■ **Listed records**:
____________________

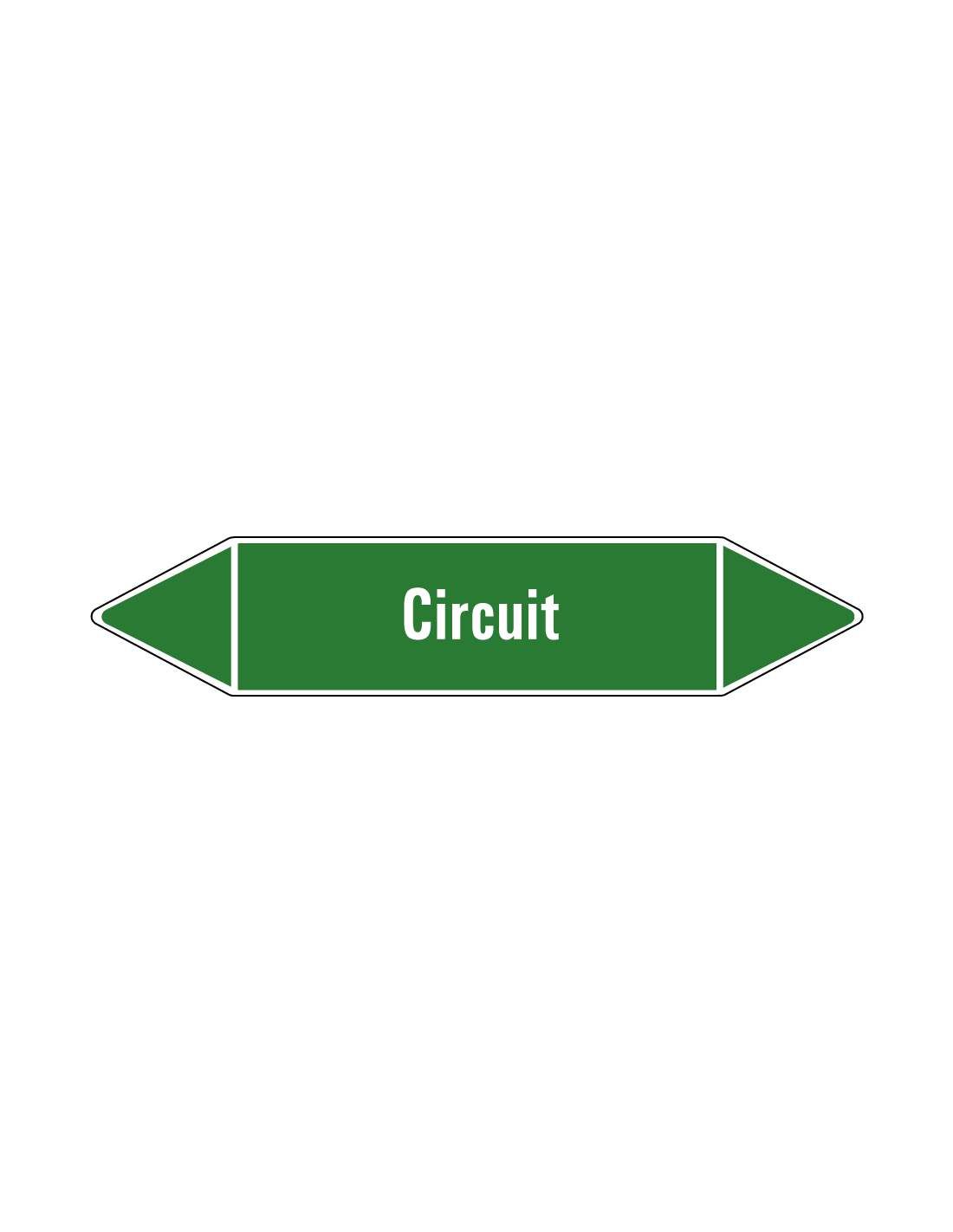 De circuit leidingmarkering op vel wordt gebruikt om aan te geven dat er in een bepaalde leiding water stroomt. In dit geval gaat het om de specifieke aanduiding circuit. Aan beide kanten van de leidingmarkering zit een stroomrichting uiteinde. Afhankelijk van hoe de de leiding stroomt kan één zijde verwijderd worden.
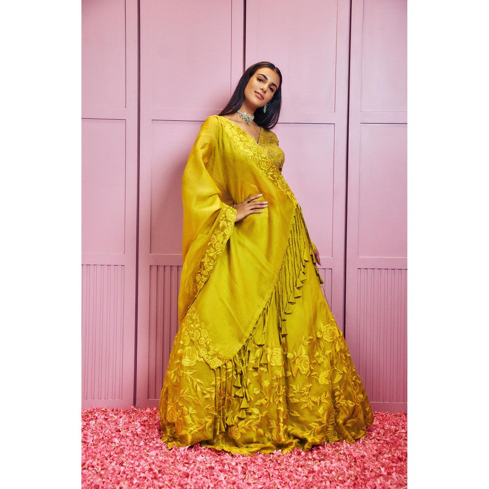 Description : Yellow-Green silk organza floral embellished lehenga set
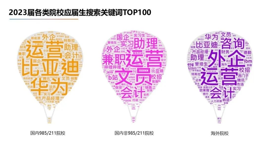 对比2023届国内985/211院校、非985/211院校与海外留学毕业生在搜索关键词TOP100发现,985/211院校和海外留学毕业生侧重搜索具体公司——前者更熟悉国内产业情况,更偏重科技大厂、新能源车企;后者有国际化背景优势,更侧重外企。非985/211毕业生侧重具体岗位。可见,985/211毕业生和海外留学生求职目标更清晰。
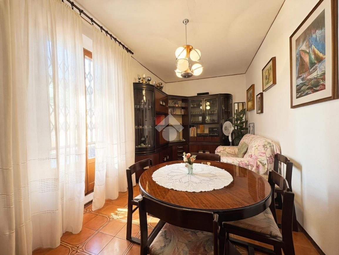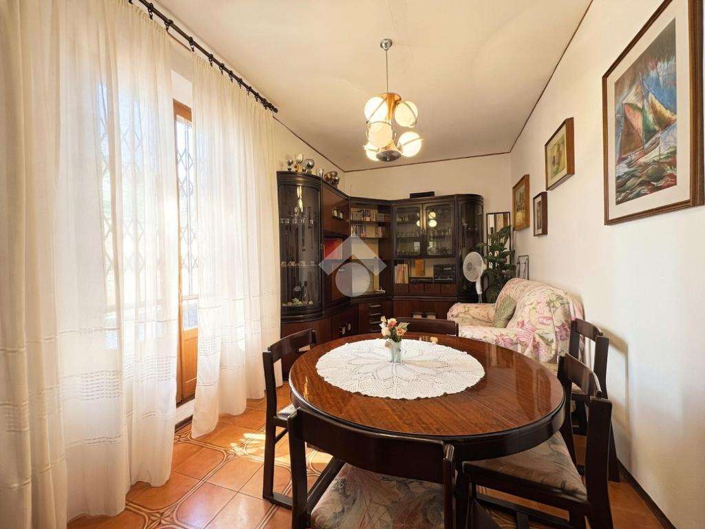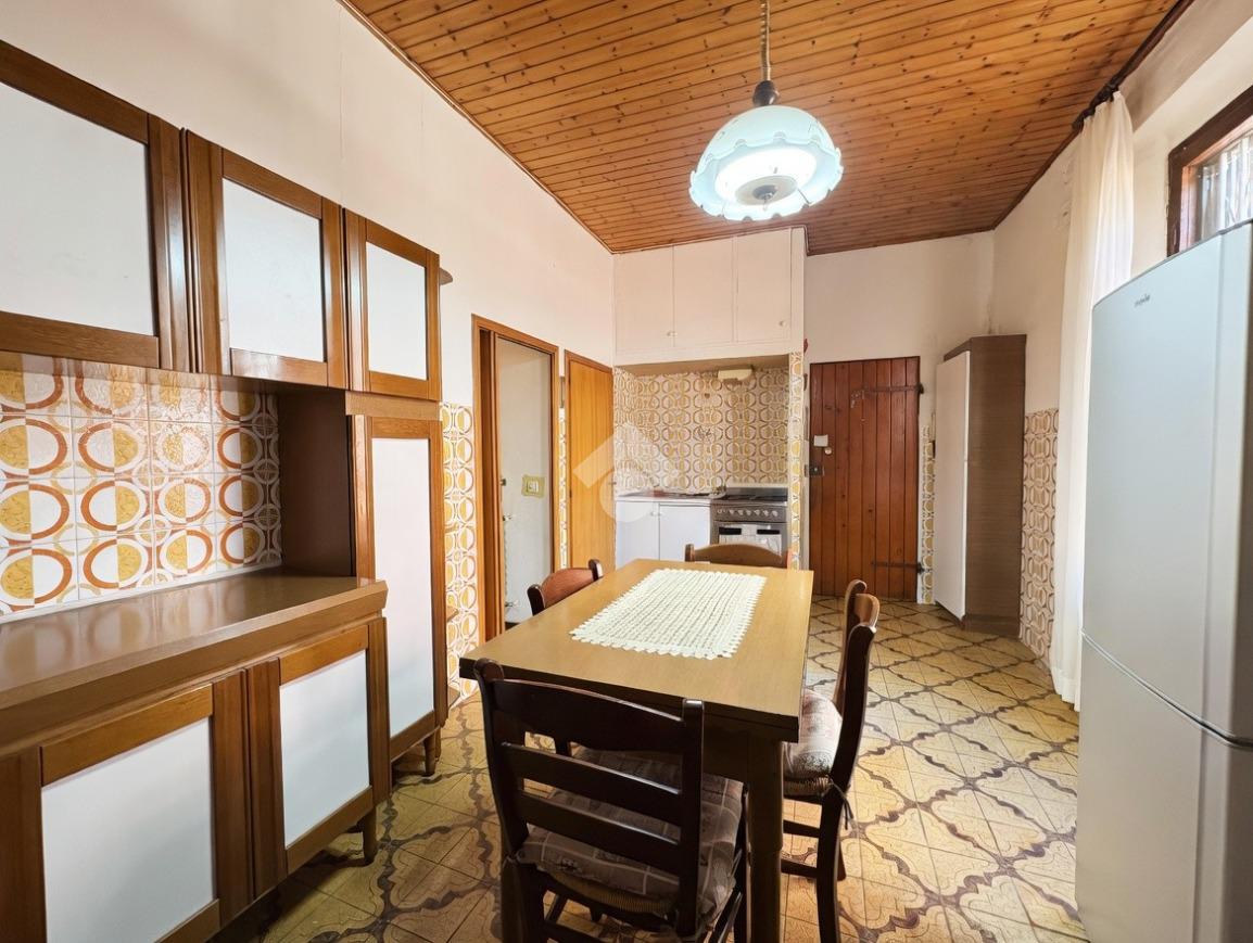 L'ingresso si apre direttamente su una zona giorno accogliente, caratterizzata da una sala da pranzo che integra un funzionale angolo cottura, cuore pulsante della casa da cui si snodano i vari ambienti.
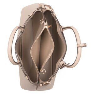 dual top carry handles, detachable adjustable shoulder strap, gold tone hardware, belted trim, triple compartment design, removable brand logo charm, faux leather design
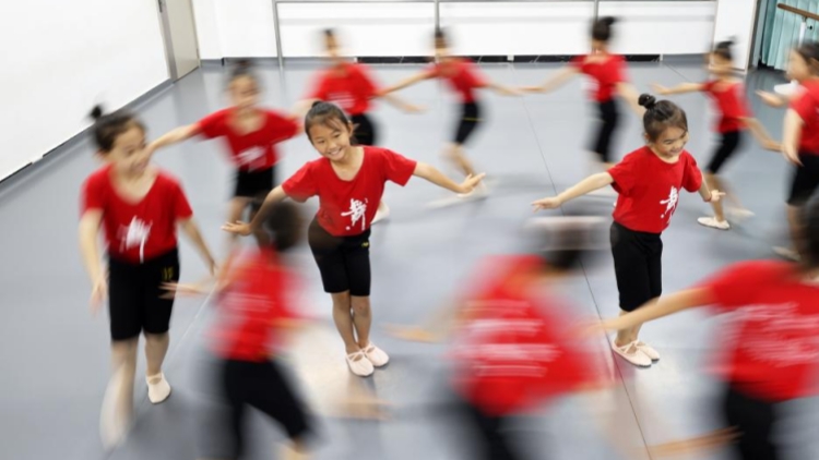 7月12日,在山东省临沂市郯城县郯城街道一家舞蹈培训机构,孩子们在练习舞蹈动作  暑假期间,孩子们通过参加形式多样的活动,丰富暑期生活,畅享快乐时光。暑假期间,孩子们通过参加形式多样的活动,丰富暑期生活,畅享快乐时光。
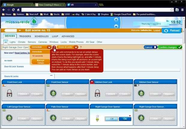 Para abrir su puerta de garaje que sólo quiere activar el interruptor durante unos segundos (como pulsar el botón de abrepuertas de garaje), luego apáguelo (soltar el botón). Crear una nueva escena donde se activa el interruptor. Agregar un retraso--aquí se puede ver establece en 10 segundos. Haga clic en ese retraso y el interruptor. Cada vez que se ejecuta la escena, el interruptor se encenderá, pausa, luego se apagará.
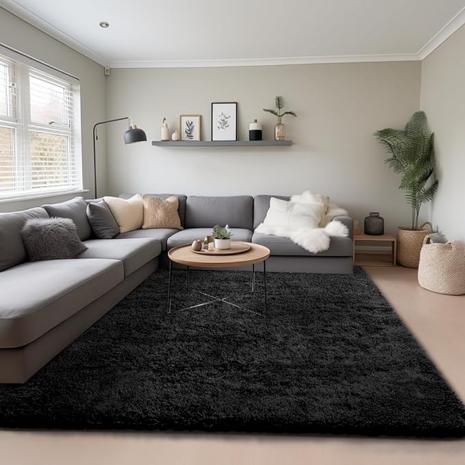 Ophanie Machine Washable 6 x 9 Rugs for Living Room,Black,Large Fluffy Fuzzy Plush Shag Comfy Soft,Non-Slip Indoor Floor Carpet,for Kids Boys Girls Dorm,Room,Bedroom,Playroom,Home Decor Aesthetic
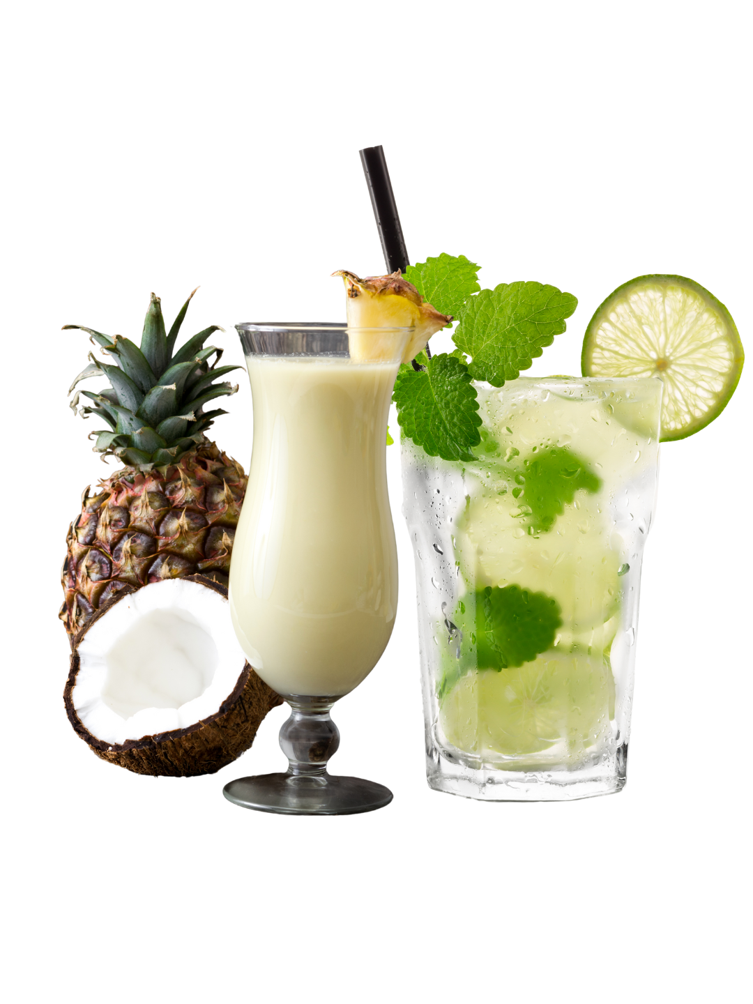 Ron blanco, lima, sirope azúcar y puré de sabores.
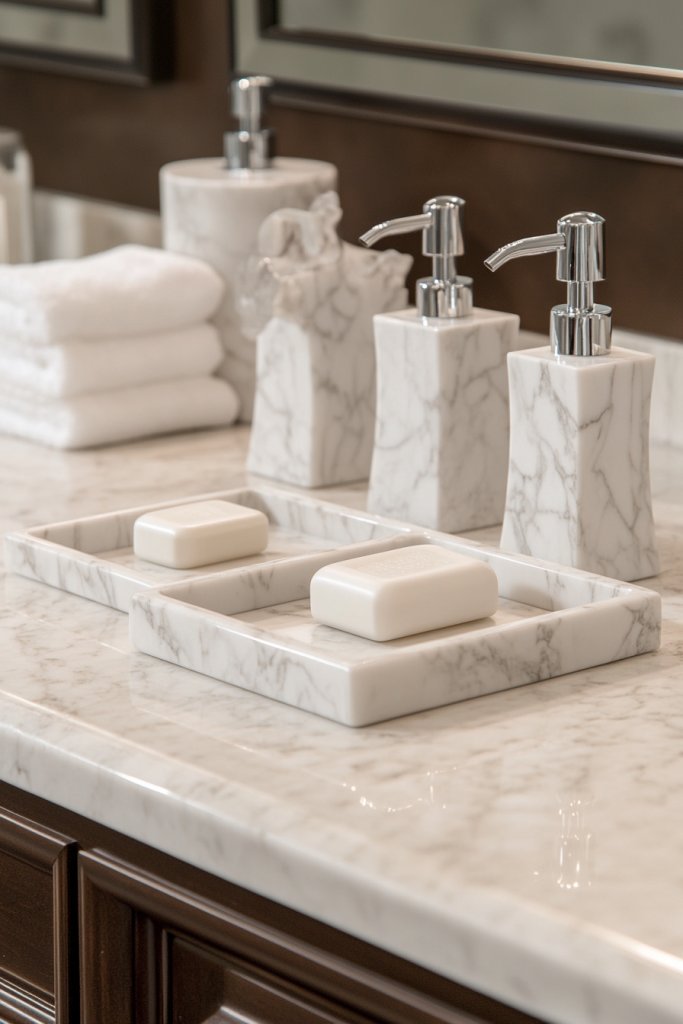 Add small decorative elements like marble bases for candles or small sculptures. Coordinate with other marble accents in your space—vanity tops, shelves, or trims—for a unified look. Use lighting to highlight architectural details and the veining’s natural beauty. Keep clutter minimal to let the fixtures stand out.
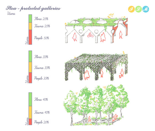 Galeriile stoa pot fi adaugate la cladirile existente sau incorporate in cele noi. Avand o structura din lemn CLT, greutatea lor variaza in functie de strada si de deschiderea cladirilor existente. Acoperisul lor verde completeaza coridoarele verzi ale orasului, creand conexiuni intre zonele de hranire si reproducere pentru animale, oferind in acelasi timp spatiu pentru dezvoltarea florei native si izolare pentru oameni. Lucarnele incorporate in acoperisurile verzi asigura o iluminare adecvata, reducand in acelasi timp poluarea luminoasa.
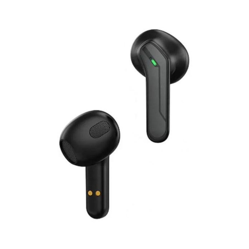 سماعات ريسي RT12 سوداء تستخدم بلوتوث 5.0 لاتصال مستقر 10 أمتار مع تحكم لمسي للموسيقى والمكالمات وتعديل الصوت. كل سماعة بطارية 30 مللي أمبير توفر 4 ساعات تشغيل موسيقى أو مكالمات متواصلة، مدعومة بعلبة Type-C 300 مللي أمبير لاستخدام ممدد وشحن كامل في 2 ساعة. جودة صوت Hi-Fi مع ميكروفون قوي يضمن تواصلاً واضحاً في الألعاب والمكالمات، مع إضاءة خضراء على البوكس للمظهر الرياضي.
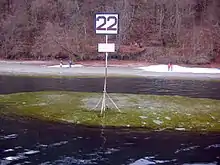 On 22 February 1945, Überlingen experienced its only bombing raid, possibly attracted by the presence of the Dachau sub-camp. In this raid, part of Operation Clarion, seven medium-range B–26 Martin Marauders of the US 320th Air Expeditionary Wing dropped 56 500 pound bombs, 7 of them with delay fuses, on the city's rail yards.[29] The bombers had taken off from the base in eastern France by Épinal and dropped their bombs at about 13:45. The bombs destroyed six residential buildings, and severely damaged 17 others; 38 buildings were slightly damaged. Eleven forced laborers, four members of the military construction crews and five residents of the Upper Station Road 97 are buried in the cemetery in the nearby pilgrim church Birnau. The memorial lies approximately 200 m (656 ft) east of the church.[30]

____________________

■ **Work request**:
Your response must restate every record above exactly, with each picture omitted.

■ **Solution to the exercise**:
 De circuit leidingmarkering op vel wordt gebruikt om aan te geven dat er in een bepaalde leiding water stroomt. In dit geval gaat het om de specifieke aanduiding circuit. Aan beide kanten van de leidingmarkering zit een stroomrichting uiteinde. Afhankelijk van hoe de de leiding stroomt kan één zijde verwijderd worden.
 Description : Yellow-Green silk organza floral embellished lehenga set
 对比2023届国内985/211院校、非985/211院校与海外留学毕业生在搜索关键词TOP100发现,985/211院校和海外留学毕业生侧重搜索具体公司——前者更熟悉国内产业情况,更偏重科技大厂、新能源车企;后者有国际化背景优势,更侧重外企。非985/211毕业生侧重具体岗位。可见,985/211毕业生和海外留学生求职目标更清晰。
 L'ingresso si apre direttamente su una zona giorno accogliente, caratterizzata da una sala da pranzo che integra un funzionale angolo cottura, cuore pulsante della casa da cui si snodano i vari ambienti.
 dual top carry handles, detachable adjustable shoulder strap, gold tone hardware, belted trim, triple compartment design, removable brand logo charm, faux leather design
 7月12日,在山东省临沂市郯城县郯城街道一家舞蹈培训机构,孩子们在练习舞蹈动作  暑假期间,孩子们通过参加形式多样的活动,丰富暑期生活,畅享快乐时光。暑假期间,孩子们通过参加形式多样的活动,丰富暑期生活,畅享快乐时光。
 Para abrir su puerta de garaje que sólo quiere activar el interruptor durante unos segundos (como pulsar el botón de abrepuertas de garaje), luego apáguelo (soltar el botón). Crear una nueva escena donde se activa el interruptor. Agregar un retraso--aquí se puede ver establece en 10 segundos. Haga clic en ese retraso y el interruptor. Cada vez que se ejecuta la escena, el interruptor se encenderá, pausa, luego se apagará.
 Ophanie Machine Washable 6 x 9 Rugs for Living Room,Black,Large Fluffy Fuzzy Plush Shag Comfy Soft,Non-Slip Indoor Floor Carpet,for Kids Boys Girls Dorm,Room,Bedroom,Playroom,Home Decor Aesthetic
 Ron blanco, lima, sirope azúcar y puré de sabores.
 Add small decorative elements like marble bases for candles or small sculptures. Coordinate with other marble accents in your space—vanity tops, shelves, or trims—for a unified look. Use lighting to highlight architectural details and the veining’s natural beauty. Keep clutter minimal to let the fixtures stand out.
 Galeriile stoa pot fi adaugate la cladirile existente sau incorporate in cele noi. Avand o structura din lemn CLT, greutatea lor variaza in functie de strada si de deschiderea cladirilor existente. Acoperisul lor verde completeaza coridoarele verzi ale orasului, creand conexiuni intre zonele de hranire si reproducere pentru animale, oferind in acelasi timp spatiu pentru dezvoltarea florei native si izolare pentru oameni. Lucarnele incorporate in acoperisurile verzi asigura o iluminare adecvata, reducand in acelasi timp poluarea luminoasa.
 سماعات ريسي RT12 سوداء تستخدم بلوتوث 5.0 لاتصال مستقر 10 أمتار مع تحكم لمسي للموسيقى والمكالمات وتعديل الصوت. كل سماعة بطارية 30 مللي أمبير توفر 4 ساعات تشغيل موسيقى أو مكالمات متواصلة، مدعومة بعلبة Type-C 300 مللي أمبير لاستخدام ممدد وشحن كامل في 2 ساعة. جودة صوت Hi-Fi مع ميكروفون قوي يضمن تواصلاً واضحاً في الألعاب والمكالمات، مع إضاءة خضراء على البوكس للمظهر الرياضي.
 On 22 February 1945, Überlingen experienced its only bombing raid, possibly attracted by the presence of the Dachau sub-camp. In this raid, part of Operation Clarion, seven medium-range B–26 Martin Marauders of the US 320th Air Expeditionary Wing dropped 56 500 pound bombs, 7 of them with delay fuses, on the city's rail yards.[29] The bombers had taken off from the base in eastern France by Épinal and dropped their bombs at about 13:45. The bombs destroyed six residential buildings, and severely damaged 17 others; 38 buildings were slightly damaged. Eleven forced laborers, four members of the military construction crews and five residents of the Upper Station Road 97 are buried in the cemetery in the nearby pilgrim church Birnau. The memorial lies approximately 200 m (656 ft) east of the church.[30]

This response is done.